Early reports from China also suggested that blood types may play a role, with an increased risk of blood type. This was recently confirmed in studies of Spanish and Italian patients, who also discovered a new genetic risk marker called “3p21.31”.
While genetics may be important, the environment is also important. It is well known that the transmission of airborne droplets increases in colder climates. Wide-spread events at various meat production facilities where the indoor climate is cold suggest that this has increased contagion. People also tend to spend more time indoors and nearby during inclement weather.
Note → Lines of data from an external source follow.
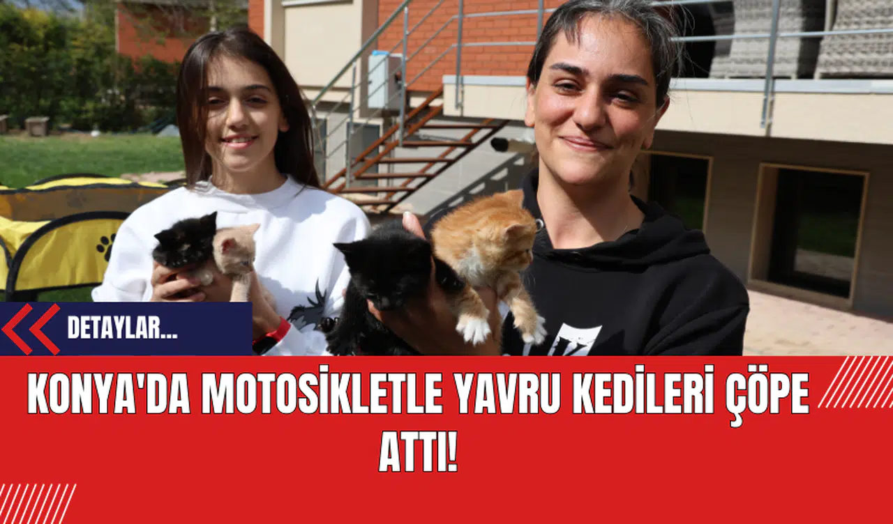 Konya'da bir motosiklet sürücüsü, çöp konteynerinin yanına gelerek içindeki 4 yavru kediyi çöpe attı. Olay, güvenlik kamerasına yansırken, kedilerin yardım çığlıkları sokak sakinlerinin dikkatini çekti. Olayın tanıklarından biri olan Burcu Kocaer, kedileri çöpten alarak sahiplendi.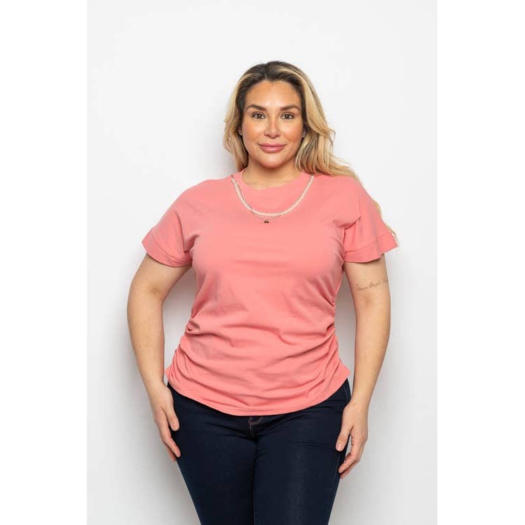 The ladies drop hem tee is a super-soft, eco-friendly staple that suits you from the office to the grocery store. This basic, relaxed fit tee features a scooped v-neck, a long body with a flattering drop hem and a charming pocket. This basic is stylish enough to stand alone but really pops when layered with our ribbed cardigan. The USA made eco-friendly fabric includes five recycled water bottles and is a slightly heavier weight than many triblends, keeping this shirt looking great wash after wash. When you go with GOEX, you're making an impact on the environment. PLUS you are helping to sustain dignified, fair wage jobs that help families stay together. You’ll feel twice as good about adding this basic tee to your wardrobe. This garment is a customizable tee. We offer screen print options if you'd like to add decoration.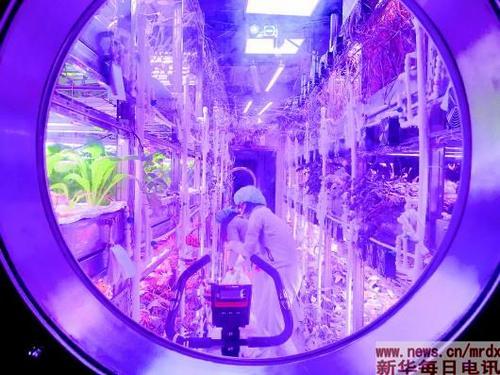 照片中紫红色的光是根据植物生长状况调节而成的人造光源,控制了植物的生长速率,也就保证了实验舱内氧气的含量。

However, the warm weather unites people, albeit outdoors. In fact, June has been unusually hot and sunny in many northern European countries, causing the overflow of parks and beaches and the rules of social distancing have been breached. This will likely trigger the spread and cause new outbreaks of COVID-19 in the coming weeks.
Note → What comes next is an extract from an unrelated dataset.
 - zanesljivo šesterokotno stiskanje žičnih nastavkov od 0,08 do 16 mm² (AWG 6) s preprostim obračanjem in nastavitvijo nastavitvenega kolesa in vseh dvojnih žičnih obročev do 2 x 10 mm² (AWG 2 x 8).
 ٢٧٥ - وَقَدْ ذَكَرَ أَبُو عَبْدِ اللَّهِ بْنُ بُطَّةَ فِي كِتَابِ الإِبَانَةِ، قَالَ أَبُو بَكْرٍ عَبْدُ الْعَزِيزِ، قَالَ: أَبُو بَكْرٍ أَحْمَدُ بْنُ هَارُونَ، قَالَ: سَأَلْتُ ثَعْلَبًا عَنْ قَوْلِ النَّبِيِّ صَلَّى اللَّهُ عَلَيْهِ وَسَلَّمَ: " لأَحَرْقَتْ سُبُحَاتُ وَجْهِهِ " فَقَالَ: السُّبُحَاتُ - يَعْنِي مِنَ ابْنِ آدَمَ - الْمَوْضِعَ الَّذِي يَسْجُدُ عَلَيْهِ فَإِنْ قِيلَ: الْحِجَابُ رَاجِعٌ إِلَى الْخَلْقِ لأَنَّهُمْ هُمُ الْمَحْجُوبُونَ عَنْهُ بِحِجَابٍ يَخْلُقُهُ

Another factor is how interpersonal interactions affect contagion. Some previous models have assumed that people interact in the same way, regardless of age, well-being, social status, etc. But this is probably not the case: young people, for example, are likely to have more acquaintances than the elderly. Taking this into account lowers the herd’s immunity threshold to around 40%.
Will COVID-19 disappear?
The blockades imposed far and wide, combined with the responsible actions of many citizens, have undoubtedly mitigated the spread of SARS-CoV-2 and saved lives. In fact, in cases like Sweden, where blocking was avoided and social distancing rules were relatively relaxed, the virus has taken an order of magnitude more lives than in its pro-blocking neighbors, Norway and Finland.
But blockages alone are unlikely to explain the fact that infections have declined in many regions after 20% of a population has been infected – something that, after all, happened in Stockholm and on cruise ships. .
That said, the fact that more than 20% of people have been infected elsewhere means that the T-cell hypothesis is unlikely to be the only explanation. In fact, if there is a 20% threshold, it applies only to some communities, depending on the interactions between many genetic, immunological, behavioral and environmental factors, as well as the prevalence of pre-existing diseases.
It will be necessary to understand these complex interactions to significantly estimate when the SARS-CoV-2 will burn. It is attractive to attribute any apparent success or failure in public health to a single factor, but it is unlikely to provide sufficient information on how COVID-19 can be defeated, or what comes next.